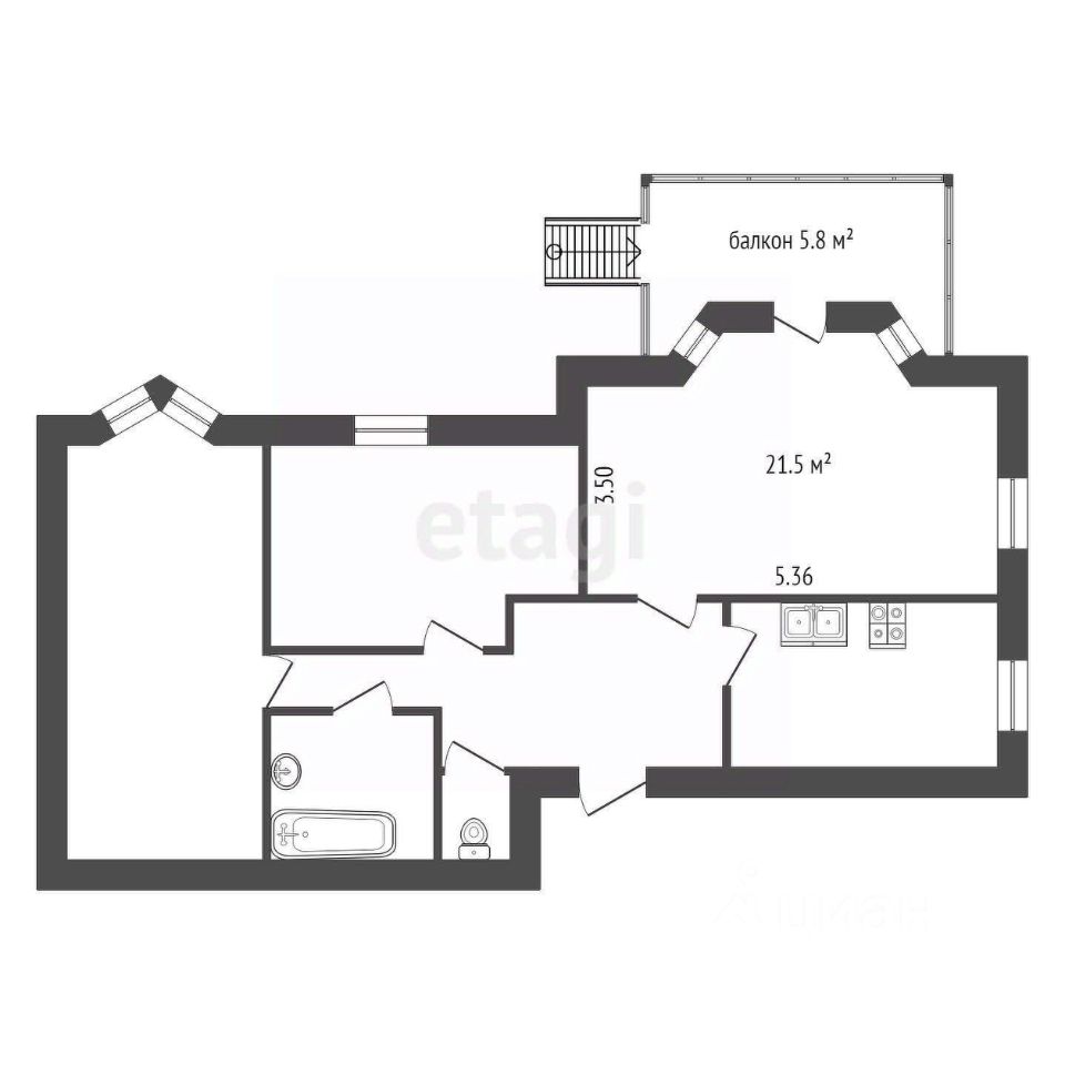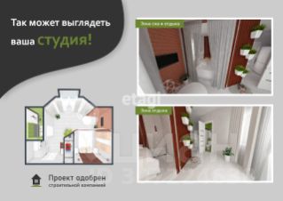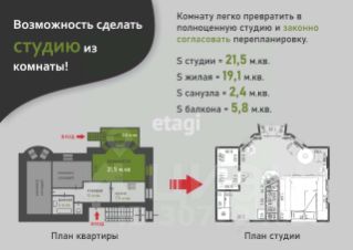 Имеется возможность застеклить балкон и узаконить перепланировку, увеличив площадь комнаты/студии до 27,5 кв.м.
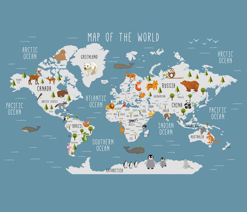 Questa carta da parati con mappa del mondo illustrata Animals blu scuro è perfetta per decorare in modo giocoso la cameretta di un bambino. I colori pastello e gli animali del mondo conferiranno uno stile morbido e un'atmosfera favorevole al relax. Un superbo insieme visivo per affascinare e divertire i bambini. È facile creare un arredamento giocoso e infantile con questa carta da parati personalizzata! La vostra decorazione murale è stampata su una carta da parati impermeabile con effetto tessuto lucido e setoso.
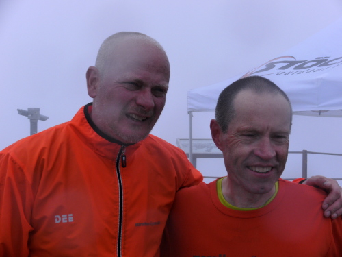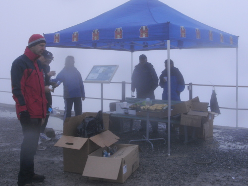 Da kommt auch schon Jens. Auch er hat es geschafft und froh und glücklich umarmen wir uns. Geschafft! Jetzt noch rasch ein Foto, zwei wärmende Bouillons trinken und ab hinunter zur Bergstation zum Kleiderwechsel.
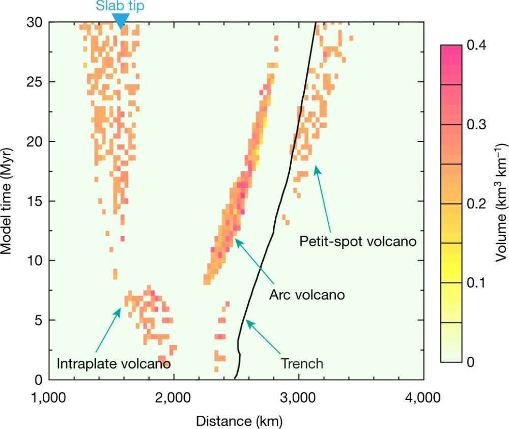 通过动力学模拟优选模型,发现火山岩的时空变化具有这些特征:大陆一侧,距离海沟越远,火山岩越年轻;海沟后方,距离海沟越远,petit-spot就越年轻(图3)。值得注意的是,该模型假设地幔过渡带含水是均匀的,从而使火山岩和petit-spot呈现较好的时空关系,如果过渡带的含水不均匀,可能就会打破这种时空关系。因为只有含水量足够多的区域才能发生熔融,不含水或者含水量不足的区域不能发生熔融,也就是说,如果含水量不足,即使地幔转换带的物质因对流进入上地幔,也不能形成火山岩。
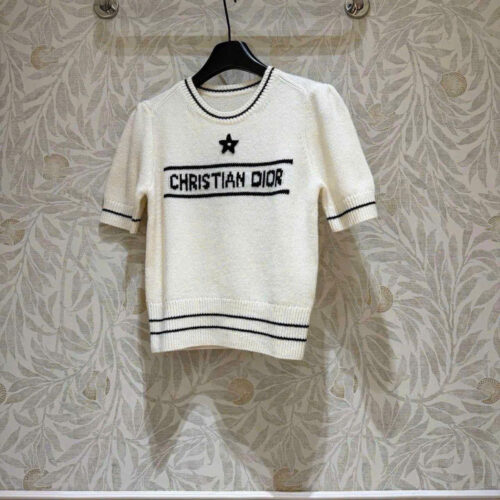 DIOR SHORT SLEEVED SWEATER – WHITE – CASHMERE
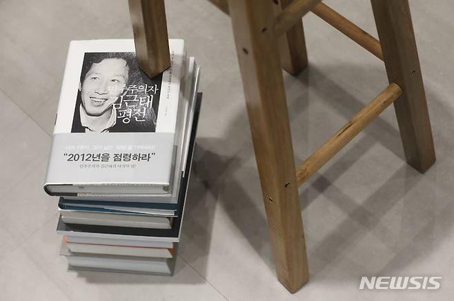 [서울=뉴시스] 고승민 기자 = 4일 개관한 서울 도봉구 김근태기념도서관에 김근태 전 열린우리당 의장을 다룬 책으로 만든 예술작품이 설치돼 있다. 2021.12.04. kkssmm99@newsis.com
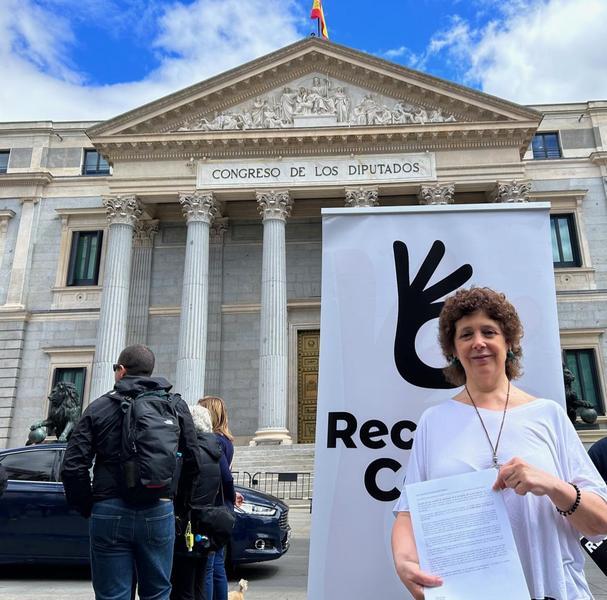"Los ciudadanos tenemos derecho a recibir esta información con luz y taquígrafos, y más teniendo en cuenta el abismo actual entre los beneficios de la banca y el empobrecimiento", asevera Suárez ante las puertas del Congreso momentos después de registrar la solicitud a la comisión de peticiones.
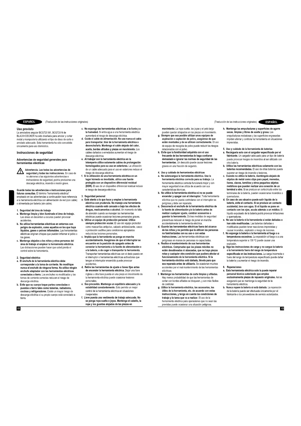 (Traducción de las instrucciones originales) ESPAÑOL Uso previsto La amoladora angular BCG720 M1, BCG720 N de BLACK+DECKER ha sido diseñada para amolar y cortar metal y mampostería utilizando el tipo de disco de corte o amolado adecuado. Esta herramienta ha sido concebida únicamente para uso doméstico. Instrucciones de seguridad Advertencias de seguridad generales para herramientas eléctricas
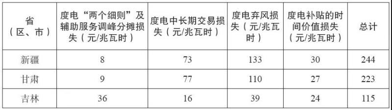 根據(jù)三省區(qū)的風(fēng)電運(yùn)行情況可以計(jì)算得出新疆的棄風(fēng)總損失為47.67億元,位居第一,甘肅為25.38億元,吉林為4.08億元。電力中長(zhǎng)期交易的損失遠(yuǎn)低于棄風(fēng)損失。新疆的電力中長(zhǎng)期交易損失為26.37億,甘肅為19.6億,吉林為1.64億元。其中,甘肅跨省跨區(qū)交易產(chǎn)生的價(jià)差損失就達(dá)到13.54億元。本文所計(jì)算的已知可再生能源拖欠的補(bǔ)貼是從第五批開始的,經(jīng)計(jì)算,新疆拖欠的度電補(bǔ)貼時(shí)間價(jià)值為0.03元/千瓦時(shí),甘肅為0.027元/千瓦時(shí),吉林為0.024元/千瓦時(shí) ,如果拖欠的時(shí)間更久對(duì)于可再生能源企業(yè)來(lái)說就是更大的損失。
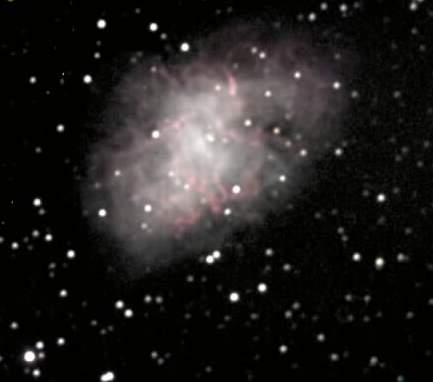 Az M1 szép, de nem galaxis. Lényegében egy szupernova maradvány. Egy csillag felrobbanása nyomán keletkezett. Tágulásának mértéke 1600 km/s , tőlünk való távolsága kb. 6000 fényév. Ez a híres Rák-köd. Ugyanitt van egy rádió és Röntgen pulzár is, ami nagyon szaporán, 0,033 másodpercenként adja impulzusait. Ez az NP 0532 jelet viseli. |
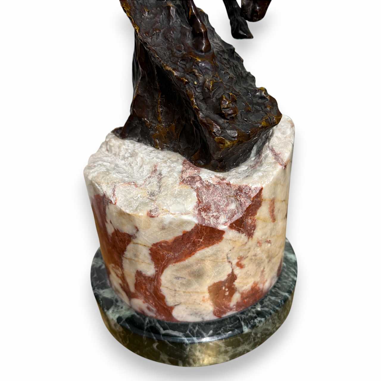 This striking bronze sculpture, attributed to the legendary American artist Frederic Remington, captures the essence of the rugged frontier spirit with breathtaking motion and anatomical precision. Titled “The Mountain Man,” the piece depicts a daring horseman and his mount descending a treacherous slope, the reins taut and tension palpable. This dramatic composition — one of Remington’s most iconic subjects — epitomizes the peril and tenacity of life in the American West.Remingtons mastery in rendering movement, detail, and raw emotion is on full display, from the horse’s poised limbs to the rider’s focused intensity. The sculpture is mounted on a beautifully striated red-and-white marble pedestal, set atop a darker marble plinth that provides striking visual contrast and stability.A collector’s piece of historical and artistic importance, this work is a tribute to the frontier mythos Remington helped define and immortalize. Ideal for connoisseurs of Western Americana, fine bronze sculpture, or late 19th to early 20th century American art.
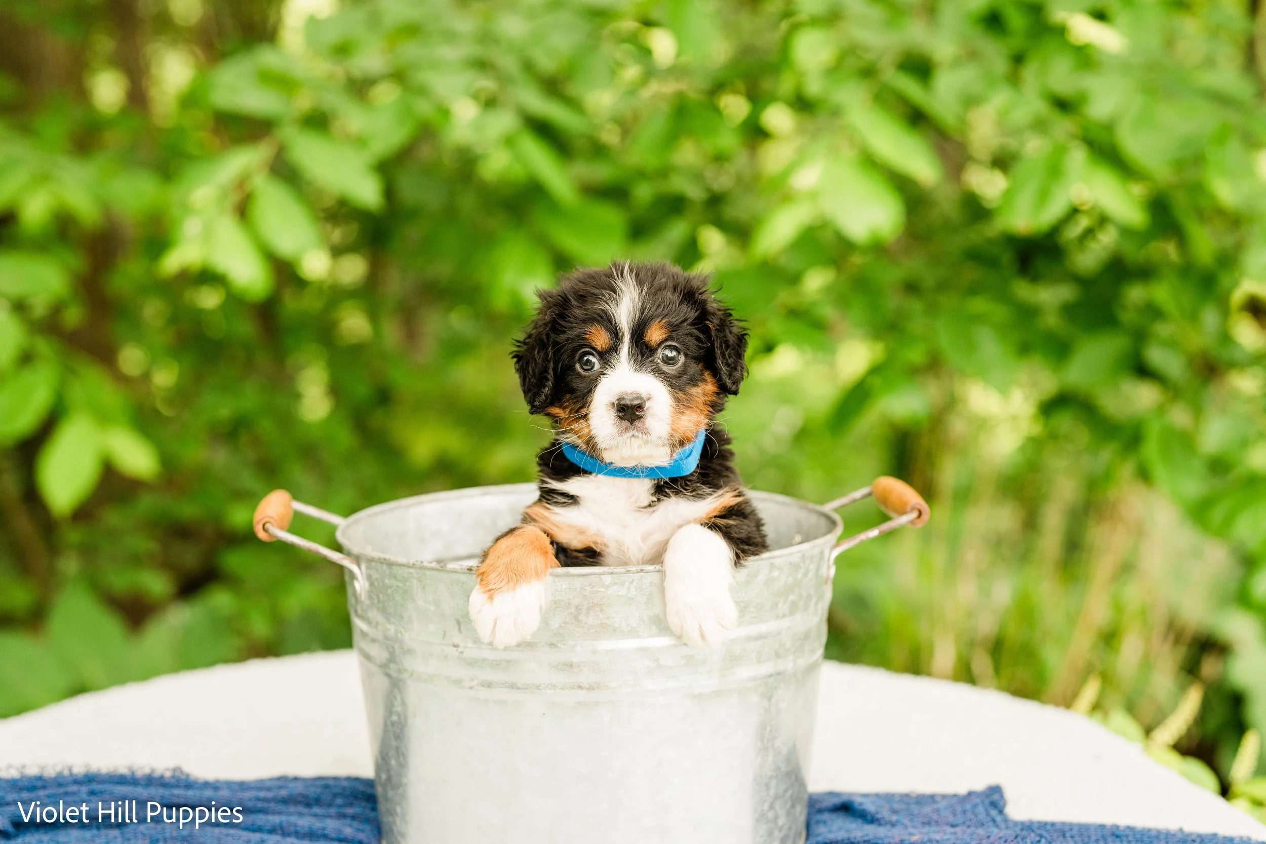There will be new photos every two weeks of Dark Blue puppy, so check back in two weeks to see how the Mini Bernese puppy is growing.
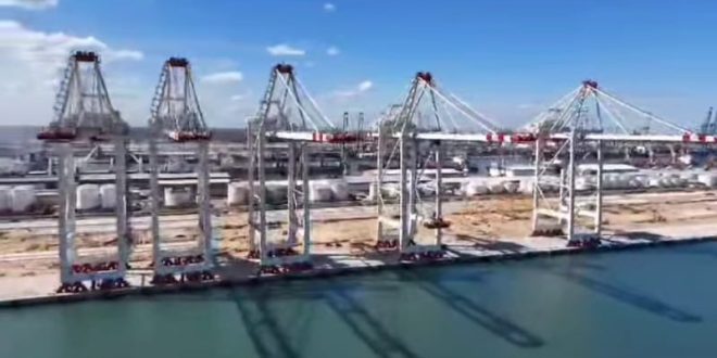 2. المحطة استقبلت مؤخرا ، أوناش رصيف عملاقة تتكون من 5 أوناش رصيف عملاقة مخصصة لخدمة تداول الحاويات ، كدفعة أولى من إجمال اوناش المحطة البالغ عددها 12 ونش والتي ستصل تباعاً و تعد من أحدث أنواع أوناش الرصيف العملاقة على مستوى العالم من انتاج شركة ( HHMC ) الصينية وحيث من المنتظر أن تُسهم بشكل كبير في زيادة كفاءة وسرعة عمليات الشحن والتفريغ الخاص والحاويات داخل المحطة ، كما تأتى تلك الأوناش العملاقة بتقنيات متقدمة وقدرات تُلبي متطلبات التعامل مع السفن الضخمة ومن إمكاناتها قدرات الرفع العالية حيث تمتاز الأوناش بقدرات رفع تتناسب مع الأوزان الثقيلة للحاويات الكبيرة ، والتي قد تصل الي ٧٥ طن كما أن لديها قدرة وصول الي ارتفاعات عالية حتي 57.5 متر من سطح الرصيف وهي كافية للتعامل مع السفن العملاقة التي تمتد لارتفاع ١١ حاوية مع طول الذراع الخارجي للونش ٧٢ متر مما يساهم في التعامل مع اكبر عرض لتلك السفن كما تأتى مزودة بأنظمة السلامة المتقدمة منها حساسات وكاميرات ونظم حماية لضمان سلامة العمليات والأفراد في موقع العمل علي الرصيف او السفينة بالإضافة إلى التكامل مع الأنظمة الرقمية حيث تدعم الأوناش الحديثة التكامل مع أنظمة إدارة الموانئ الذكية ، مما يسمح بتتبع العمليات بشكل لحظي وتحسين التنسيق بين كافة أقسام التشغيل كما تساهم هذه الإمكانيات في جعل الميناء قادرة على التعامل مع الأحجام المتزايدة من سفن الحاويات بسرعة ودقة ، مما ينعكس إيجاباً على زمن التشغيل في الميناء ويزيد من كفاءة العمليات اللوجستية
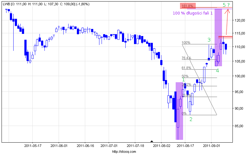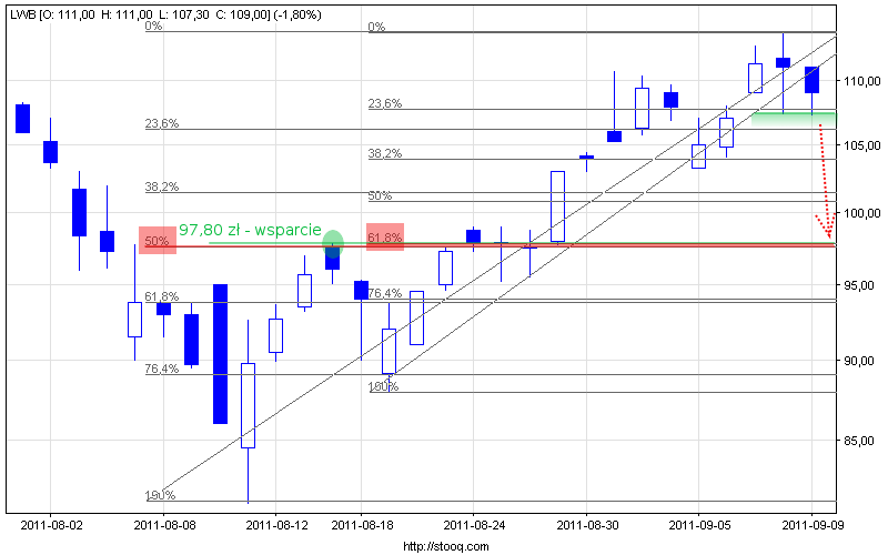 Jeżeli cena akcji „Bogdanki” zejdzie poniżej będzie to potwierdzenie prospadkowej wymowy formacji i prawdopodobnie dojdzie wtedy, w optymistycznym scenariuszu, do korekty aktualnych wzrostów. Taki ruch spadkowy może znieść kurs w okolice 97,80 zł gdzie znajduje się szczyt z 17 sierpnia, czyli klasyczne wsparcie oraz dwa istotne poziomy Fibo – 50 % oraz 61,8 % zniesienia wewnętrznego aktualnego impulsu wzrostowego.
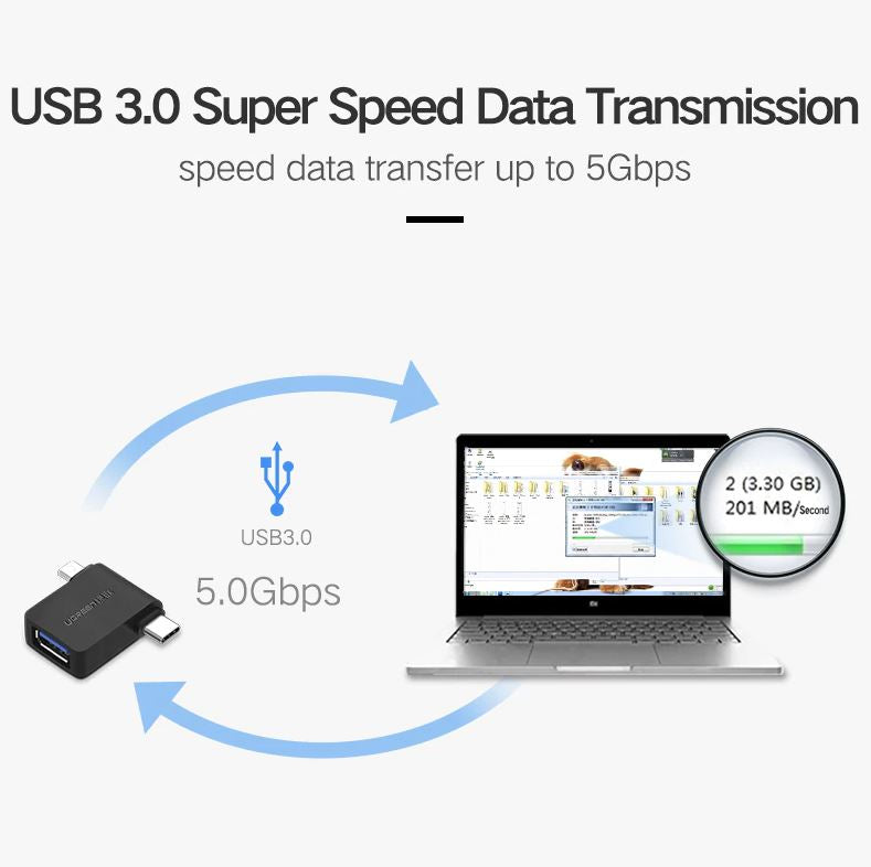 UGREEN 2 in 1 USB-C + Micro-USB OTG Right-Angle Adapter

### EXERCISE INSTRUCTIONS
Write out exactly the lines above between the one with "DIOR SHORT SLEEVED" and the one with "comisión de peticiones.", inclusive, with pictures left out.

### SOLUTION TO THIS PROBLEM
 DIOR SHORT SLEEVED SWEATER – WHITE – CASHMERE
 [서울=뉴시스] 고승민 기자 = 4일 개관한 서울 도봉구 김근태기념도서관에 김근태 전 열린우리당 의장을 다룬 책으로 만든 예술작품이 설치돼 있다. 2021.12.04. kkssmm99@newsis.com
"Los ciudadanos tenemos derecho a recibir esta información con luz y taquígrafos, y más teniendo en cuenta el abismo actual entre los beneficios de la banca y el empobrecimiento", asevera Suárez ante las puertas del Congreso momentos después de registrar la solicitud a la comisión de peticiones.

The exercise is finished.